If I don't sell it, It won't kill me to keep it. There's some kids in the neighborhood who I'm sure wouldn't mind going fishing on it. First I've gotta learn how to catch fish myself before I take some kid out fishing and ruin it for him.


----------



## oxbeast1210 (Jun 21, 2010)

Haha yeah right I know you catch em! You thaught me the power of top water lures! Recently lost the one you gave me I'm going to go buy some Friday.


----------



## TxFlyFshrman (May 2, 2012)

Did you ever sell it? I've been looking for one, will be in town this weekend.


----------



## Tres (May 8, 2010)

TxFlyFshrman said:


> Did you ever sell it? I've been looking for one, will be in town this weekend.


It's still available. Let me know if you want to see it while you're here.

Tres


----------



## TxFlyFshrman (May 2, 2012)

OK, fly in to P'cola on Friday but will be down in FWB Saturday. Head back to Tx on Sunday. Can swing by and look at it on the way down to FWB on Friday or set up a time on Saturday, your call.


----------



## wronggear (Mar 23, 2012)

If txfly doesn't get it, i will take it. Just recently got into kayaking and now the wife see how much fun it is, wants one too. I have been on these forums for a couple of years and never posted, just soaking up all the great information everyone post on here.


----------



## Tres (May 8, 2010)

wronggear said:


> If txfly doesn't get it, i will take it. Just recently got into kayaking and now the wife see how much fun it is, wants one too. I have been on these forums for a couple of years and never posted, just soaking up all the great information everyone post on here.

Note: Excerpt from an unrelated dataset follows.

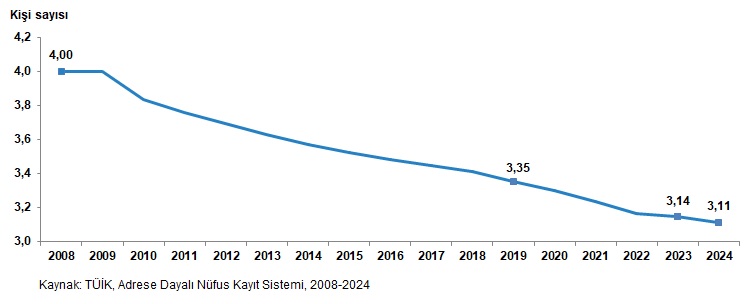 Adrese Dayalı Nüfus Kayıt Sistemi (ADNKS) sonuçlarına nazaran, Türkiye’de 2008 yılında 4 kişi olan ortalama hanehalkı büyüklüğünün, azalma eğilimi göstererek 2024 yılında 3,11 bireye düştüğü görüldü.

I actually have one other person who PMed me that's second on the list, but I'll let you know if the first two fall through.

Thanks
Tres


----------



## TxFlyFshrman (May 2, 2012)

PM w/ number sent. Look forward to picking it up this weekend, sorry wronggear.


----------



## wronggear (Mar 23, 2012)

hay, no worry's. these things seem to go fast around here.


----------



## Tres (May 8, 2010)

Sold


----------



## TxFlyFshrman (May 2, 2012)

Yep, kayak made the trip to Corpus last night, taking the wife out this evening to catch supper. Thanks Tres!


----------